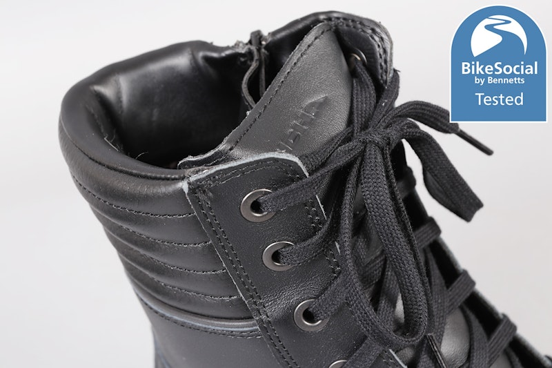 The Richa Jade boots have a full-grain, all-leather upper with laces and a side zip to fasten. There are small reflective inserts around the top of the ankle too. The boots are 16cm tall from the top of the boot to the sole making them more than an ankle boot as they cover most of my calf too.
::::::
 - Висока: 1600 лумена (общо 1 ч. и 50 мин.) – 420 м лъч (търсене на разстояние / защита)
::::::
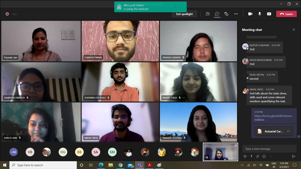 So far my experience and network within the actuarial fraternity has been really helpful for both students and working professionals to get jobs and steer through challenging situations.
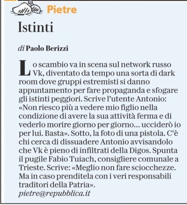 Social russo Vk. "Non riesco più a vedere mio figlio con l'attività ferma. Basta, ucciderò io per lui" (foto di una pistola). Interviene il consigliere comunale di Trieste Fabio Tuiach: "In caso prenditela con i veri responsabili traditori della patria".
::::::
PROBLEM REQUIREMENTS:
Look through the material above. Transcribe exactly the lines between the ones with "So far my experience" and "Social russo Vk.", inclusive, and keep pictures out.

TASK ANSWER:
 So far my experience and network within the actuarial fraternity has been really helpful for both students and working professionals to get jobs and steer through challenging situations.
 Social russo Vk. "Non riesco più a vedere mio figlio con l'attività ferma. Basta, ucciderò io per lui" (foto di una pistola). Interviene il consigliere comunale di Trieste Fabio Tuiach: "In caso prenditela con i veri responsabili traditori della patria".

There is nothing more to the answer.